WINNIPEG -- The Heart & Stroke Foundation is advising donors and volunteers with the organization to take extra precautions after learning of a data breach that may involve personal information.

In a letter sent out to donors and stakeholders, the non-profit organization said Blackbaud, a software provider for non-profit organizations, discovered and stopped a ransomware attack in May.
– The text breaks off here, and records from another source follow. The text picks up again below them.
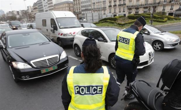 巴黎交警正对过往车辆检查,3月17日这天尾号双数的车辆限行。
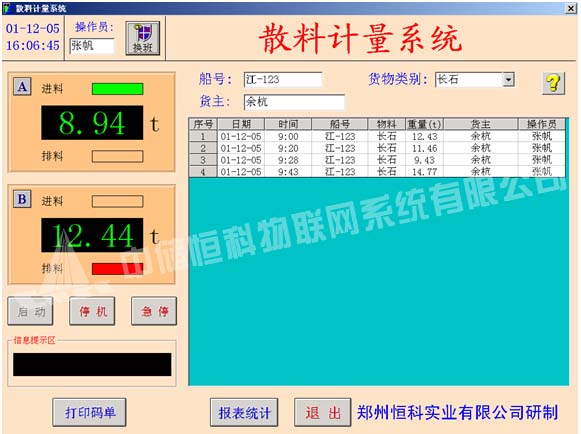 稱重控制儀表控制料斗A與料斗B交替進料和排料,并將重量數(shù)據(jù)實時傳輸至工業(yè)控制計算機,散料計量系統(tǒng)專用軟件自動記錄每次排料重量,從而實現(xiàn)對物料的連續(xù)計量。系統(tǒng)也可由多臺稱重控制儀表分別控制多個料斗,與一臺工業(yè)控制計算機構(gòu)成。
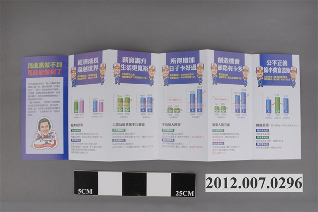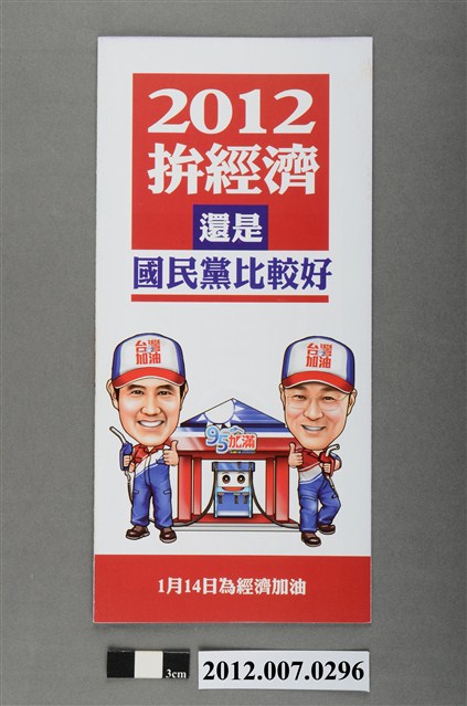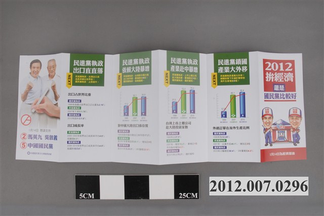 此為一紙直宣傳文宣,封面刊有馬英九以及吳敦義的照片,並印有「1月14日懇請支持 ②馬英九 吳敦義 ⑤ 中國國民黨」的字樣,背面印有「2012拼經濟還是國民黨比較好」字樣,並刊有馬英九與吳敦義的漫畫圖像。內容刊載馬英九政府在經濟方面的執政成績以及批評民主進步黨政府的經濟政策。 此物件為2012年第13任總統副總統選舉時中國國民黨候選人的相關宣傳品,此次選舉由代表中國國民黨的馬英九、吳敦義;代表民主進步黨的蔡英文、蘇嘉全;代表親民黨的宋楚瑜、林瑞雄參與選舉。代表國民黨的馬英九在競選中開設「臺灣加油讚」競選辦公室,並且以「不統不獨」的「兩岸」政策爭取選民選票。最終,代表國民黨的馬英九、吳敦義組合當選,馬英九成功連任第13任總統。
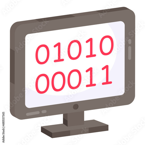 binary, datum, code, computer, digital, icon, vector, flat, monitor, desktop, display
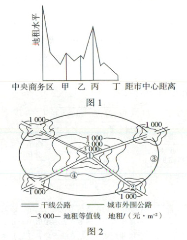 7.C 8.B 解析:7.图2中①处地租最高的主要原因是位于市中心,交通便捷。地租是影响中央商务区分布的主要因素,即因为①处地租最高,所以该处属于中央商务区,但是中央商务区不是①处地租最高的原因。地租的高低与居民文化水平关系不大。地租是影响居住区分布的因素,所以分布有高级居住区不是地租高的原因。8.丙地位于地租的次高峰处,所以应该位于城市外围的环形道路和放射道路的交会处,图2中①地位于城市中心,地租最高,大于3000元/米²,A项错误。②地位于城市外围的环形道路和放射道路的交会处,地租为2000∼3000元/米²,B项正确。③地地租小于1000元/米²,④地地租为1000元/米²,说明③④两地地租低,而丙地位于地租的次高峰处,所以C、D两项错误。
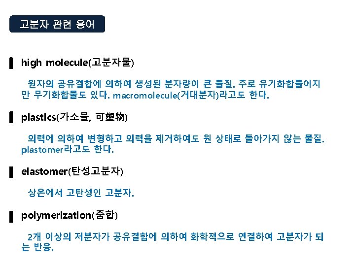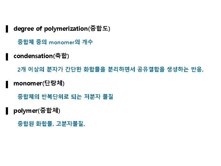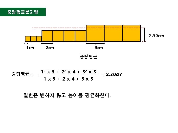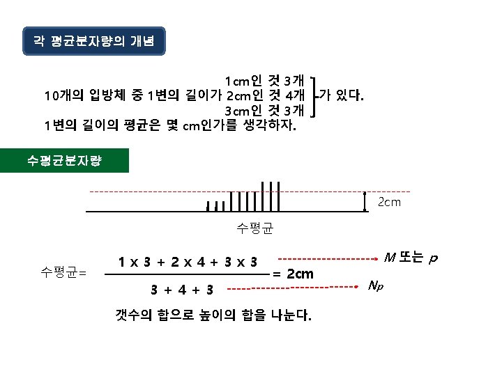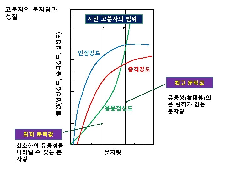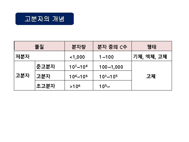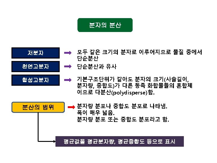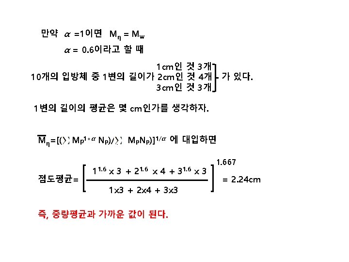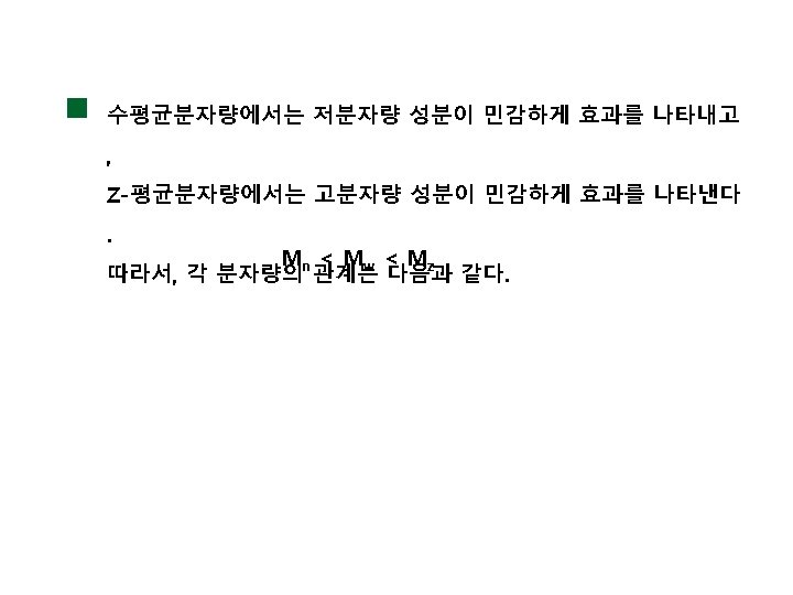 예 분자량 500인 고분자 100개 분자량 1, 000인 고분자 20개 분자량 1, 500인 고분자 40개 로 구성된 고분자의 중량 평균 분자량은? 2 Mw = = = = M p Np 5002 x 100 + 1, 0002 x 20 + 1, 5002 x 40 500 x 100 + 1, 000 x 20 + 1, 500 x 40 250, 000 x 100 + 1, 000 x 20 + 2, 250, 000 x 40 50, 000 + 20, 000 + 60, 000 25, 000 + 20, 000 + 90, 000 135, 000 130, 000 = 1038. 46 130, 000
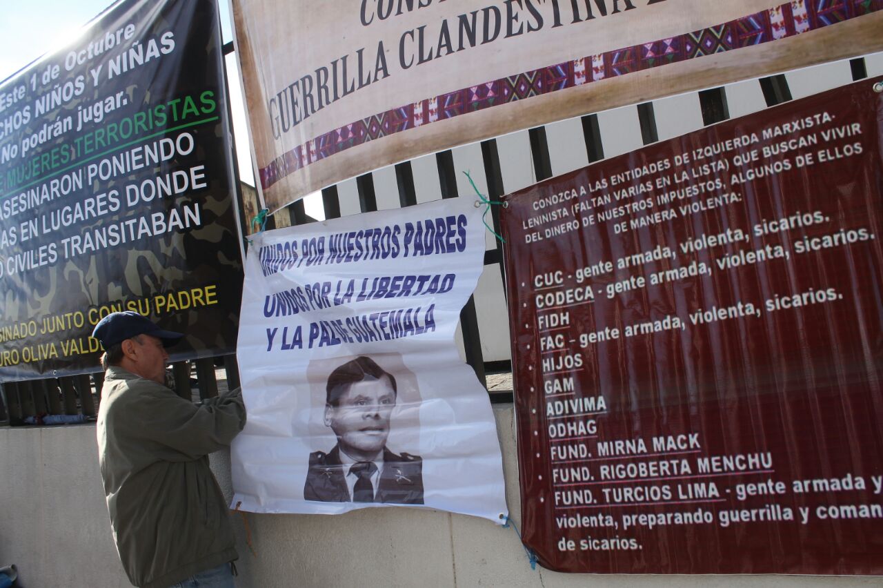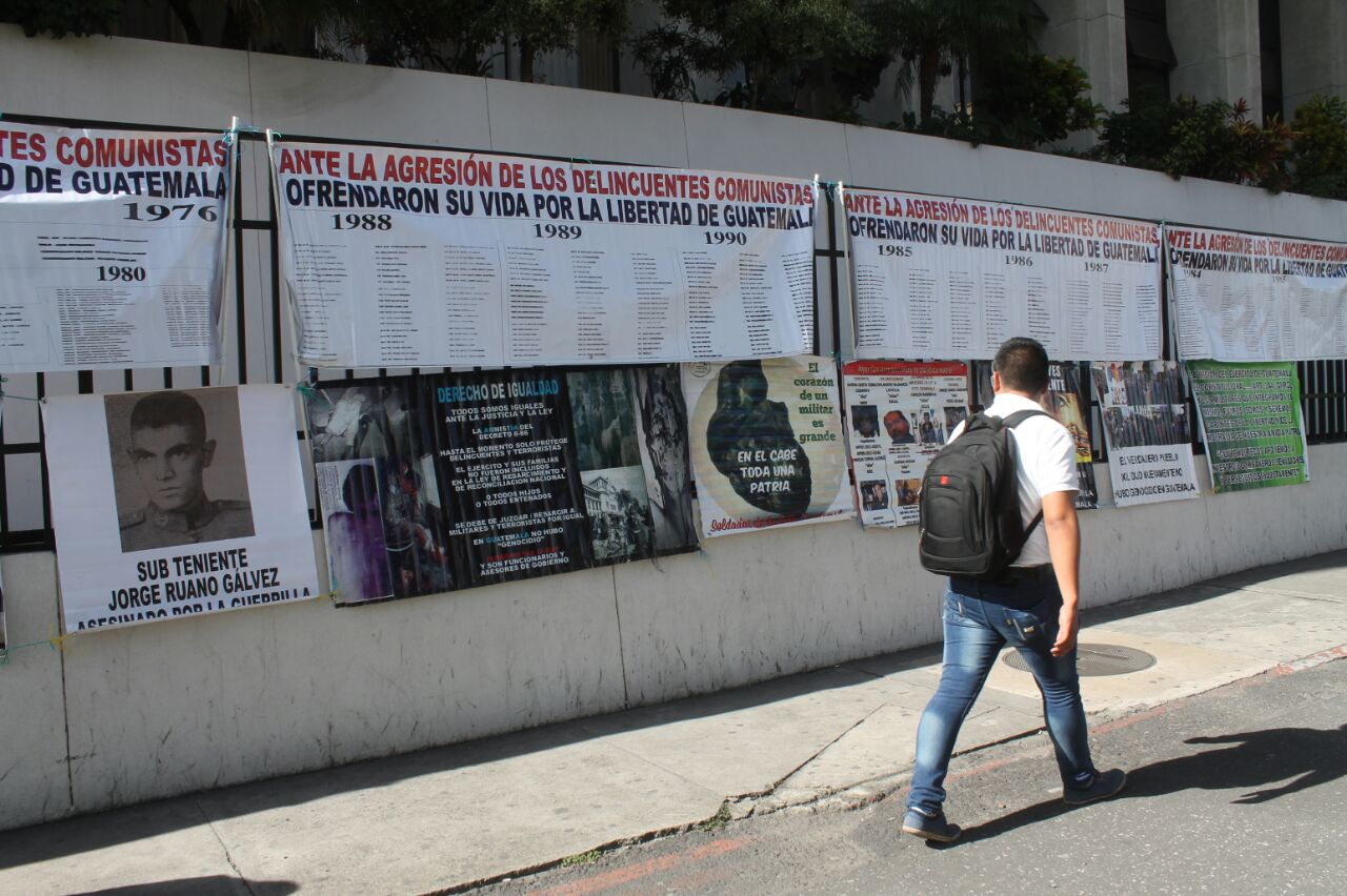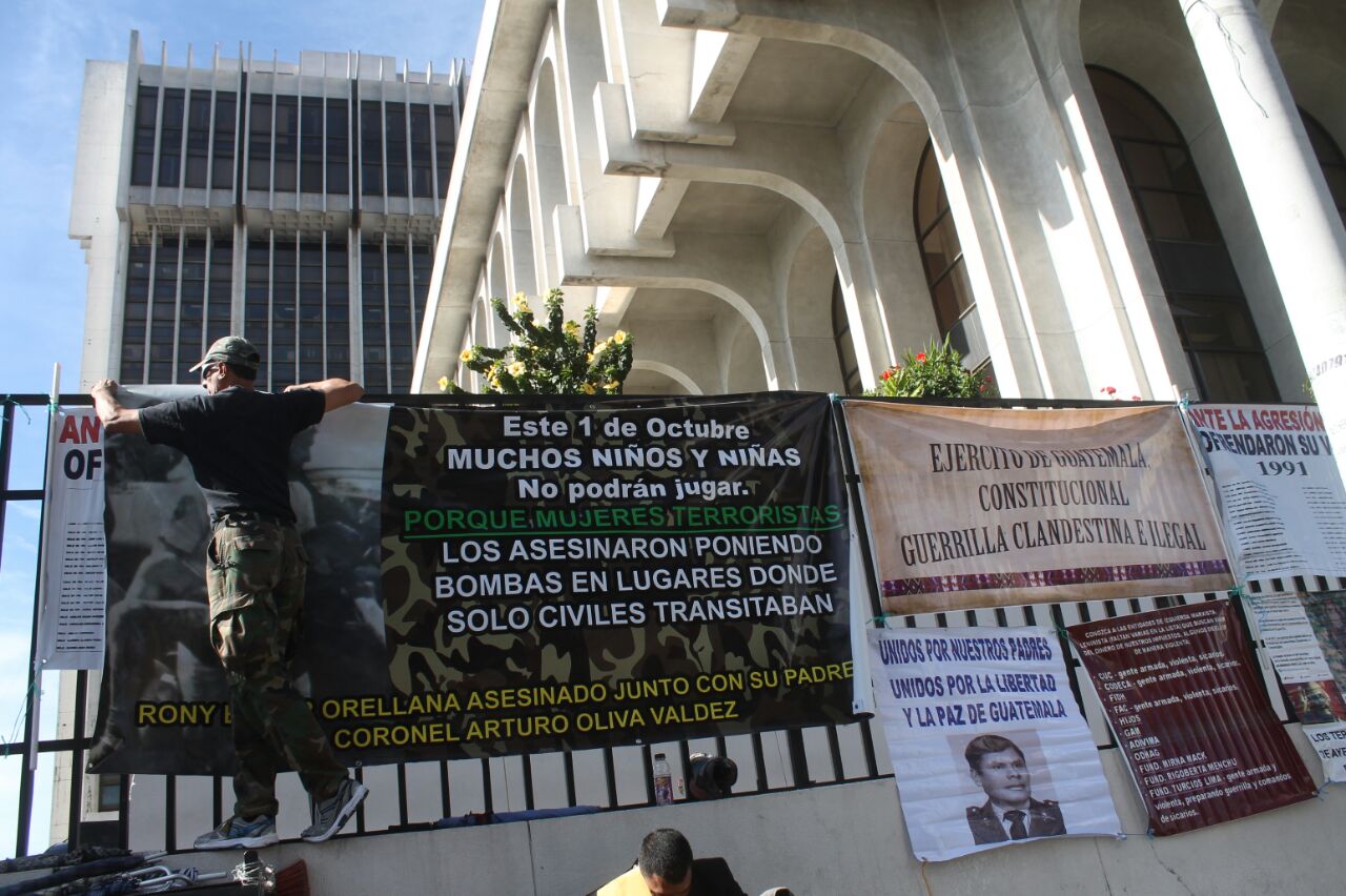 El Movimiento de Reconciliación Nacional colocó esta mañana pancartas frente a Torre de Tribunales en apoyo a los militares sindicados en los casos de Creompaz y Molina Theissen, mientras que otro grupo manifestó en apoyo a las víctimas del conflicto armado para exigir justicia por los desaparecidos.
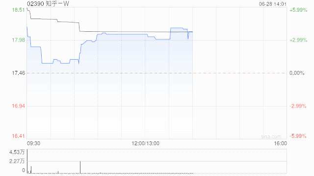 知乎-W午盤上漲3.09%,現(xiàn)報18港元,成交額218.542萬港元。
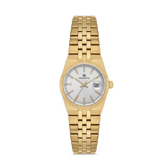 Momentus CS264G-02SG Çelik Kordon Çelik Kasa 5 ATM Suya Dayanıklı Altın Renk Kadın Kol Saati
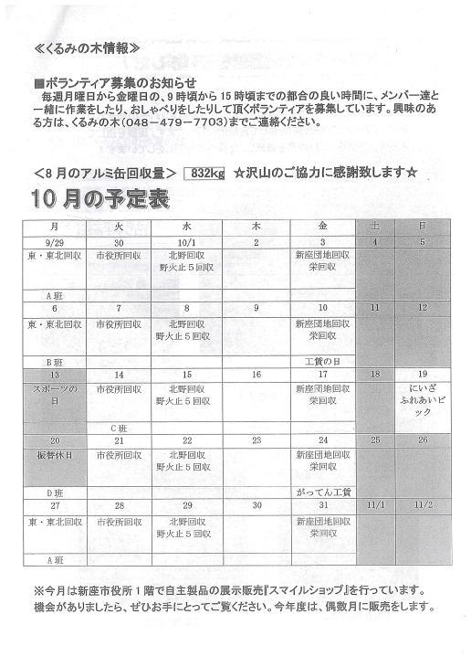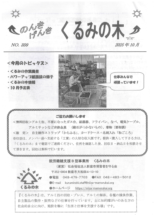 回覧板 2025年10月6日 回覧板 2025.10.06 社会福祉法人新座市障害者を守る会新座市障害者を守る会は、障がいのある本人一人ひとりの望む生活を叶えていきます。 そのために私達は障がいのある本人を中心に本人の家族や支援者、地域、それぞれの想いや力をつなぎ合わせます。 これらの交流により、つながりのあるあたたかい地域となる...
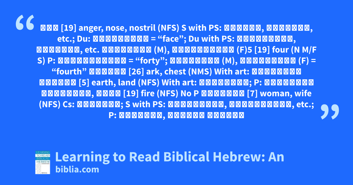 אַף [19] anger, nose, nostril (NFS) S with PS: אַפִּי, אַפְּךָ, etc.; Du: אַפַּ֫יִם = “face”; Du with PS: אַפֶּ֫יךָ, אַפָּיו, etc. אַרְבַּע (M), אַרְבָּעָה (F)5 [19] four (N M/F S) P: אַרְבָּעִים = “forty”; רְבִיעִי (M), רְבִיעִית (F) = “fourth” אֲרוֹן [26] ark, chest (NMS) With art: הָאָרוֹן אֶ֫רֶץ [5] earth, land (NFS) With art: הָאָ֫רֶץ; P: אֲרָצוֹת אַרְצוֹת, אֵשׁ [19] fire (NFS) No P אִשָּׁה [7] woman, wife (NFS) Cs: אֵ֫שְׁת; S with PS: אִשְׁתִּי, אִשְׁתְּךָ, etc.; P: נָשִׁים, נְשֵׁי אֲשֶׁר

Blackbaud said the ransom was paid, and the relevant data was destroyed.

The foundation said it was notified of the attack on July 16.

“While Blackbaud has informed us that Heart & Stroke was not specifically targeted, we want to provide you with the same information that Blackbaud has provided us,” Doug Roth, CEO of the Heart & Stroke Foundation, said in the letter.

The letter said contact information, such as names, email addresses telephone numbers, and addresses may be impacted. The foundation said, according to Blackbaud, data such as credit card numbers, usernames, and passwords were not compromised, as that information is encrypted.

“Blackbaud has informed us that there is no reason to conclude that the data related to the Heart & Stroke community will be misused, but we recommend that you exercise additional prudence,” Roth wrote. “As the information affected is mainly contact information, the greatest risk would be from someone impersonating Heart & Stroke to solicit funds.”

Roth said donors and volunteers who receive suspicious emails or communications that claim to be from the Heart & Stroke Foundation should inform the foundation about the communications received.

Roth added investigators are continuing to monitor for any usage of the stolen data. He said Blackbaud is confident the data was removed and has not been used further.